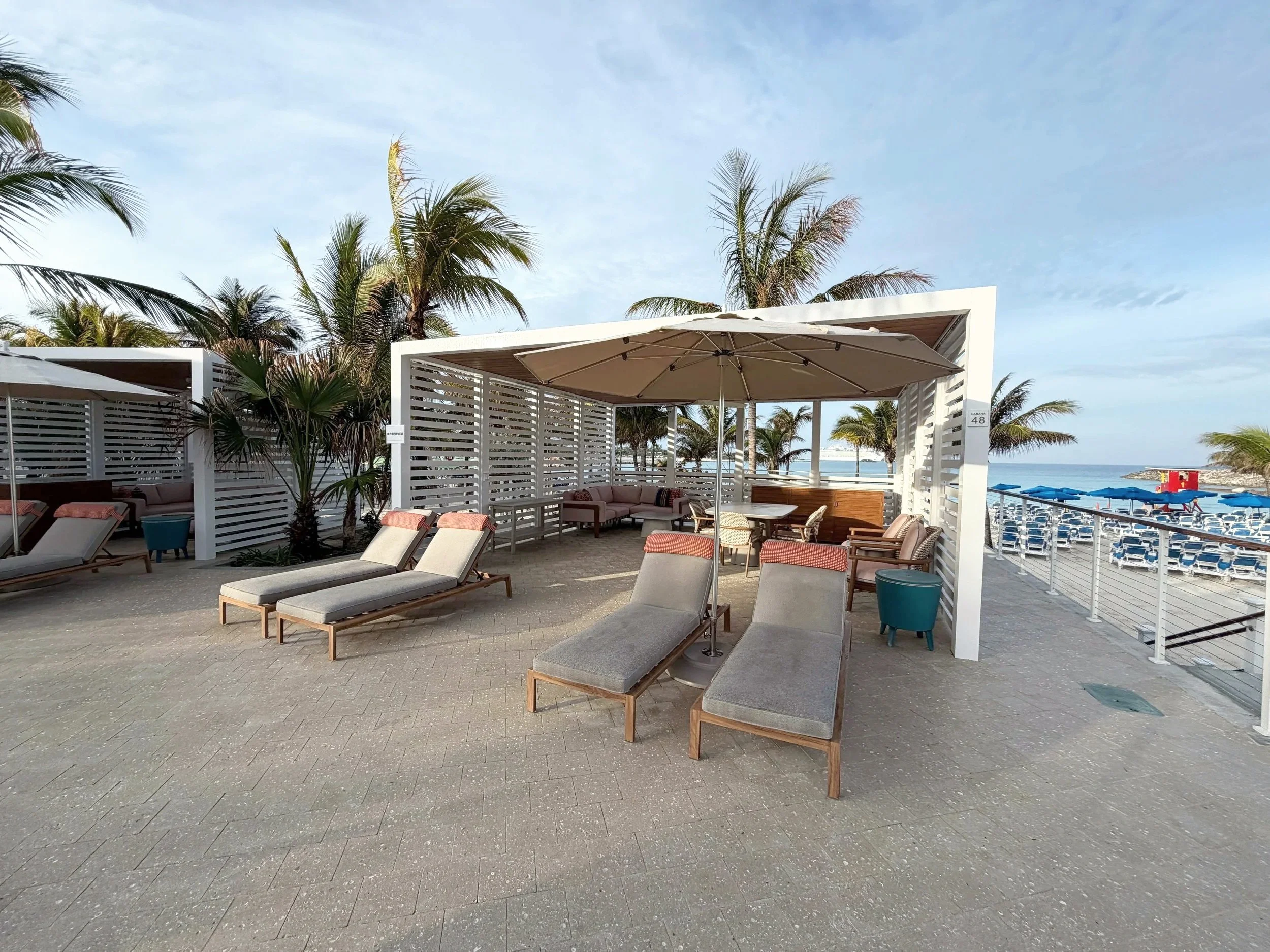 Most cabanas and villas include reserved seating, shade, and attendant service. Some locations offer food and drink delivery. Availability and pricing vary by sailing, and advance reservations are recommended.
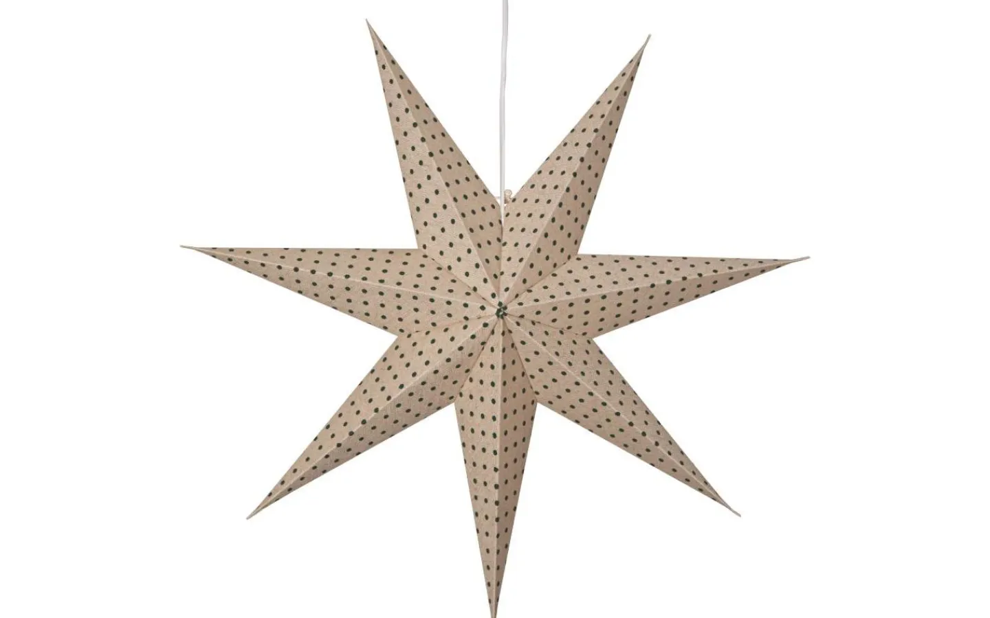 Pappstjärna klädd i bomullstyg med ett mönster av massa gröna prickar.
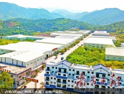 鉴于此,2015年,借着省级现代农业示范区创建契机,梅县区委、区政府及松口镇以900万元财政资金撬动了1亿元社会资本,建成了占地300亩的梅县(大黄)金柚产业园,吸引了28家企业、专业合作社进驻,搭建起集信息化柚果交易、现代自动化柚果仓储于一体的范围化购销平台。
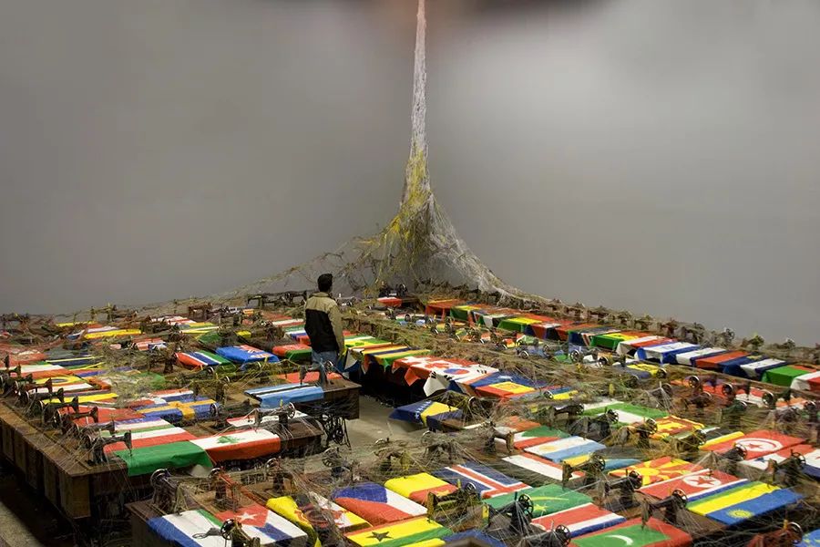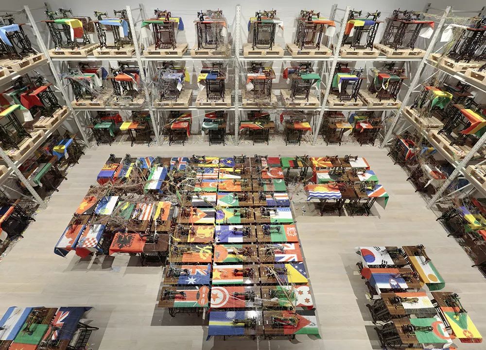 N.S. 哈沙创作出令人印象深刻的装置作品,将旗帜的历史和能量发挥到了极致。《各国旗帜》由192 面铺在同样数量的脚踏缝纫机上的国旗构成,象征着所有联合国会员国。
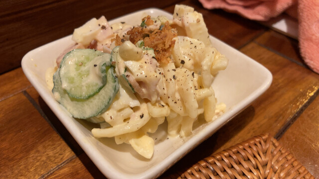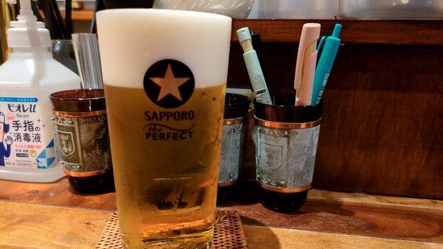 本日は黒ラベルの生ビールを2杯と自慢のポテトサラダをいただきました。
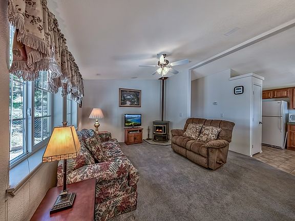 Drive up to this lovely retreat and immediately feel at home! This meticulously maintained and upgraded manufactured home is situated on .60 acres and within walking distance of Lake Davis. To warm you, the home offers a pellet stove as well as forced air heat. On those warm summer days, the air conditioning as well as whole house vent will keep you cool. There are 2 bedrooms, 2 bathrooms, 2 car garage (constructed in 2008), surround sound, tank-less water heater and all interior furnishings as well as patio furniture stay with the house to make it an easy transition for you. The roof and siding on the home was replaced just 5 years ago and the two RV spaces include their own clean outs & water hydrants. This is a great set up for you and your entire family. Let the vacations begin!!
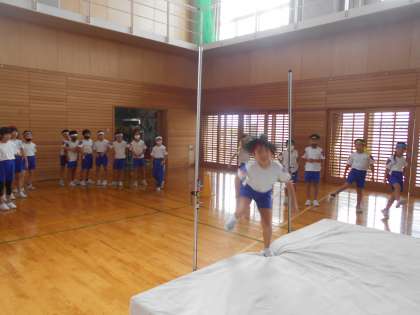高跳び運動のために、なるべく高く跳ぶ運動、ひもを飛び越える運動、跳び箱のから遠くまで跳ぶ運動など、様々な動きから高跳び運動のコツを考えながら行いました。上手に跳べたと感じる子供たちが多く、跳べるようになったと実感している子供たちでした。
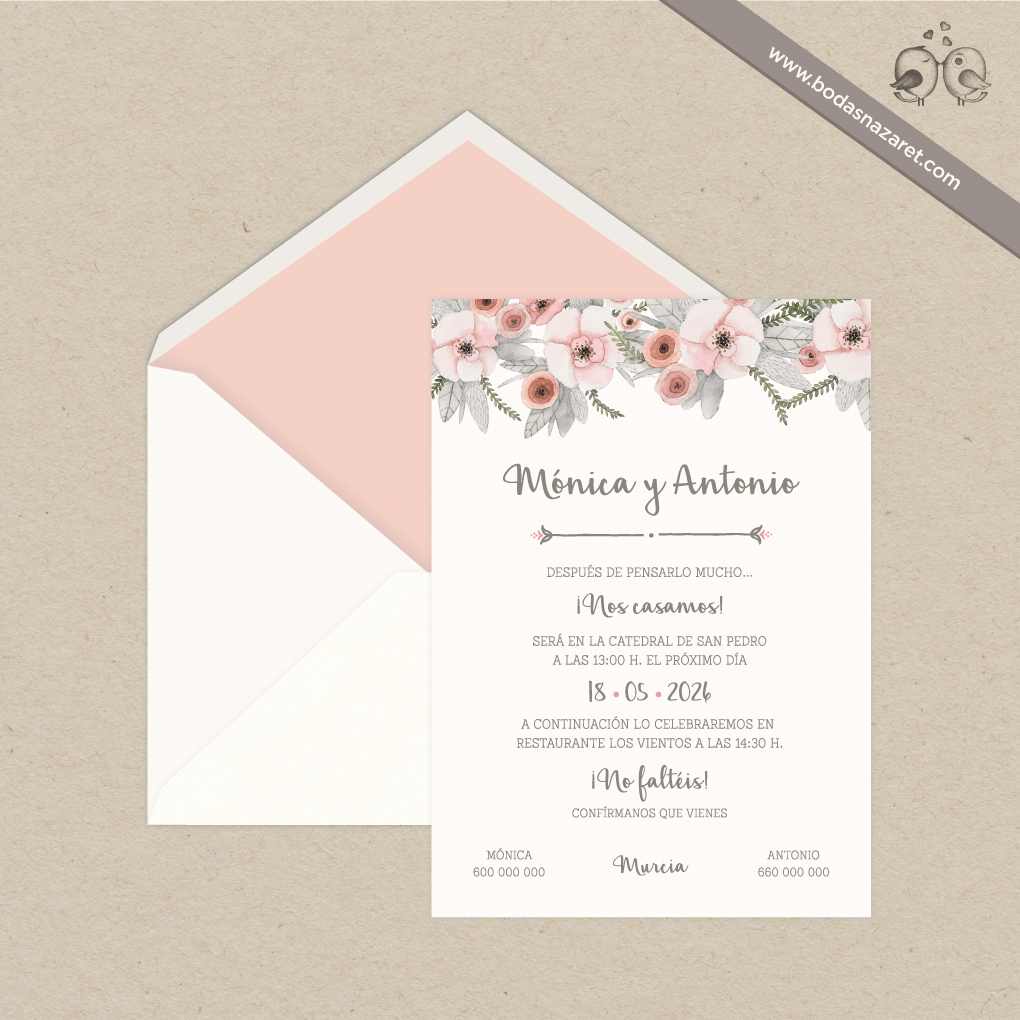 Invitación de boda con sobre blanco (22,8x16,5cm) realizado con papel italiano verjurado de alta calidad (140g), forrado de manera artesanal y con tarjetón blanco verjurado de 300g (22x15,5cm) a juego totalmente personalizable. Con un diseño floral en tonos pastel, es una opción ideal para una boda alegre y moderna.
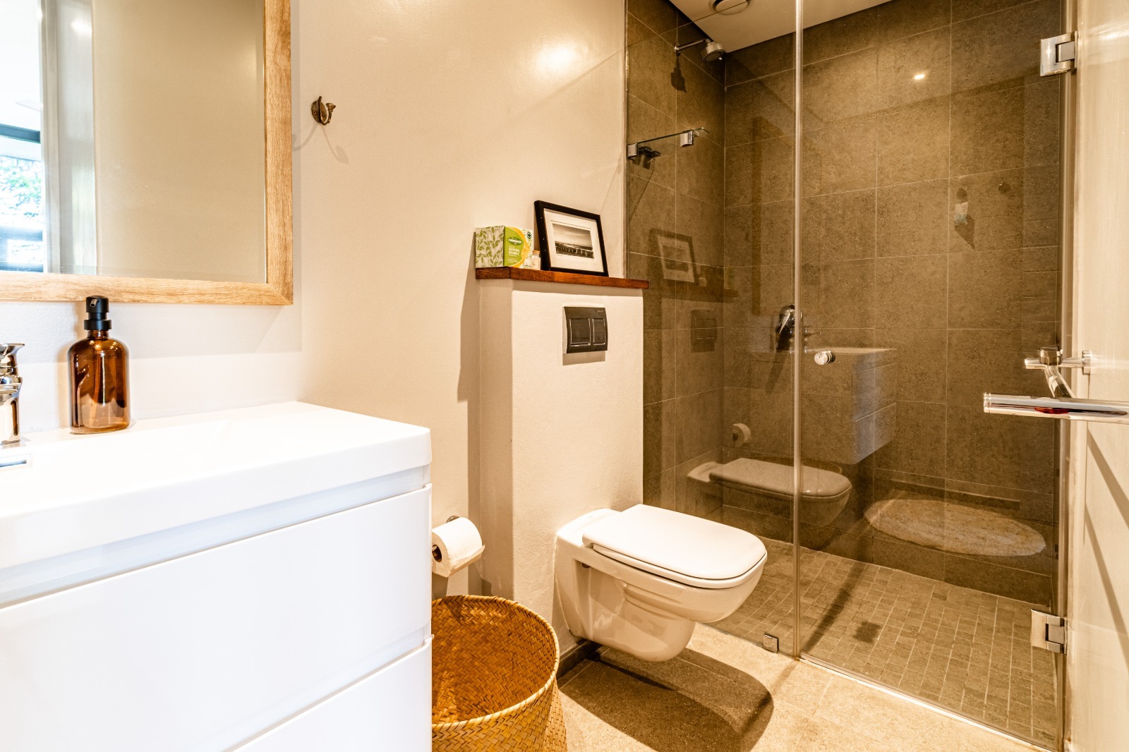 The moody, contemporary interiors are fully air-conditioned, while expansive floor-to-ceiling sliding doors create a seamless flow to the covered terrace and private garden. The main en-suite opens directly onto the terrace, offering a tranquil retreat surrounded by nature.
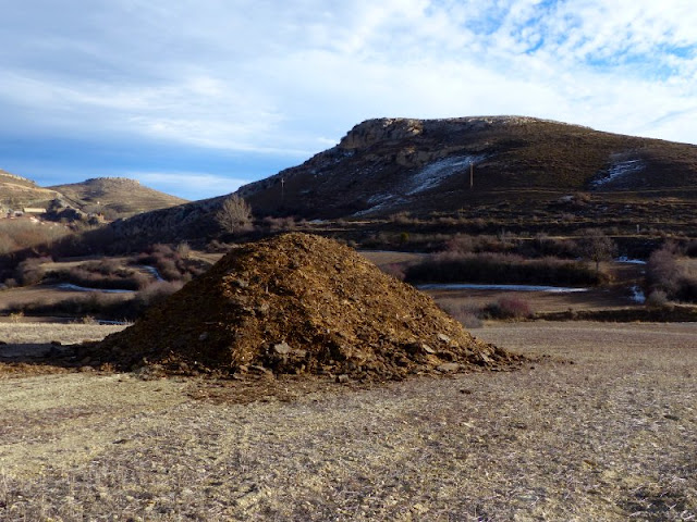 Dentro de unas semanas, conforme el agricultor-ganadero saque un rato, extenderá por el campo ya labrado y preparado con el cultivador el fiemo para envolverlo en la tierra y prepararla para la siembra en el próximo otoño. Como puede verse en este campo de Cedrillas.
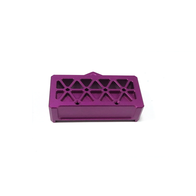 This CNC Milling part is made of 6061 aluminum material which has light weight, high strength and excellent cutting performance. It is a rectangular metal component with a deep purple color as a whole, a smooth surface and a delicate metallic shine. There is a triangular handle above, with triangular hollow patterns well arranged on both sides that form an orderly and aesthetically pleasing geometric texture.

^^^^^^^^^^^^^^^^

**What needs to be done**
The expected output is the exact run of lines from the first line of the material above through the line that contains "Pappstjärna klädd i", minus any pictures.

**Answer for the task**
 Most cabanas and villas include reserved seating, shade, and attendant service. Some locations offer food and drink delivery. Availability and pricing vary by sailing, and advance reservations are recommended.
 Pappstjärna klädd i bomullstyg med ett mönster av massa gröna prickar.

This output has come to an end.